For as long as I can remember, ever since I was old enough to say it, I’ve always been aware of the power of ‘thank you’. More specifically, I’ve always known that those two little words could always make others feel happy, special, and appreciated. Yet, it wasn’t until my adulthood that I came to fully understand that ‘thank you’ had just as much of a positive effect on the person saying it as it did on the person hearing it.
The idea of gratitude, as I’ve come to experience, goes far beyond a thank you – although that is an essential part of it. Being grateful means being fully aware, present, and mindful of what is happening around you at all times. It means appreciating both the positive and the negative, and being able to say, with an open heart, that you are thankful for all experiences and the wisdom that comes of them. As I’ve moved toward living a more conscious life, the start of my gratitude practice came about as a natural progression of that. Practicing gratitude has given me the opportunity to also practice mindfulness. Each of these elements fit together like pieces of the same puzzle.

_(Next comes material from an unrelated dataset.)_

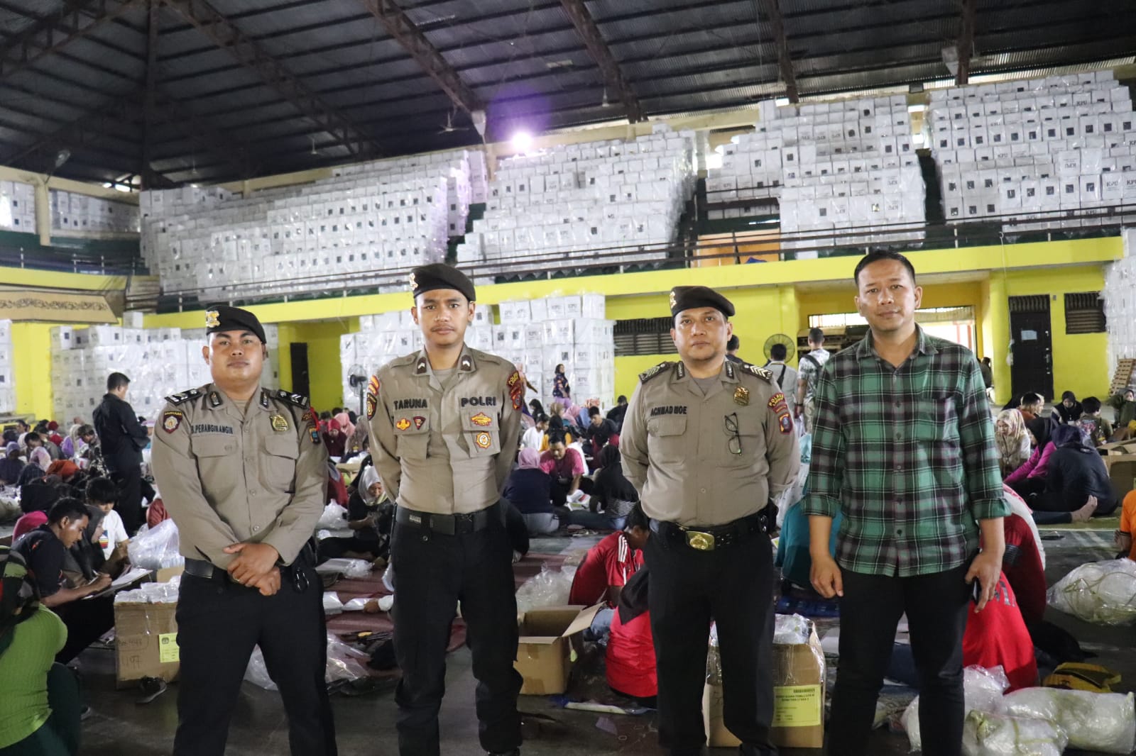 Personel Polres Langkat melakukan pengamanan pelipatan surat suara yang dilakukan petugas KPU Kabupaten langkat dengan melibatkan petugas dari Bawaslu Kabupaten Langkat dan Petugas Panwaslu Kecamatan

Now, when I talk about a ‘gratitude practice’, I’m not suggesting that we incorporate yet another time-consuming routine into our already full lives. (Although even if that was my suggestion, it would be worth it nonetheless.) Showing gratitude doesn’t have to feel intimidating or emotional or burdensome. A gratitude practice can be as big or as small as you want it to be. Here are four ways that I’ve practiced gratitude over the years that I hope will inspire you to get started with your very own practice.
Keep a gratitude jar
My gratitude practice has taken many forms, with this one being the first. To start, all you need is a jar, paper, and pen. I kept my jar on my nightstand. At the end of every day, grab a piece of paper from anywhere – I used pieces of envelope from my old mail – and on each piece, write down something good that happened that day. It doesn’t have to be big or extravagant. It just has to be something that you’re happy to have experienced. The best part of this exercise is sitting down at the start of a new year and going through all of the notes in the jar, as a way to relive all of the great experiences from the previous year and start you on the right foot for the year ahead.
Write a letter
For this one, I should start by saying that you don’t have to send the letter, though I’m sure that the subject of the letter would be very thankful if you did. The idea here is to go through the act of thanking someone who has had some type of impact on your life – taking time to reflect on what they did for you and why it matters so much. A few years ago, I wrote my letter to Sylvia Rhone, a music executive who took enough of an interest in me to help me land my very first magazine publishing internship the summer before I started college. A job that very much helped shape my career path. She is just one example of the many great people who’ve had an impact on my life and whose letters I’ve yet to write.
Send thank you cards
I find that people really, really love to receive cards, particularly when they’re not expecting them. Also, the benefit of sending a card is that you can say as little or as much as you want in your note – the gesture of giving the card is, in itself, a noteworthy expression of gratitude. I’ve made it a point to set aside time, once or twice a year, to send a beautifully-designed thank you card to someone whom I appreciate, whether it’s a mentor, friend, or my parents. And unlike the letter mentioned in the previous example, you should definitely send these to their intended recipient.
Just say it
This is the simplest and most straightforward form of gratitude on the list, which has made it that much easier for me to stick to it for so long. Before I go to sleep each night, I take a few seconds to say thank you for all of the things that happened that day that I’m grateful for. It doesn’t have to be monumental – in fact it never is. It’s always the small things that come to mind first, and those small things are what we tend to forget to say thank you for.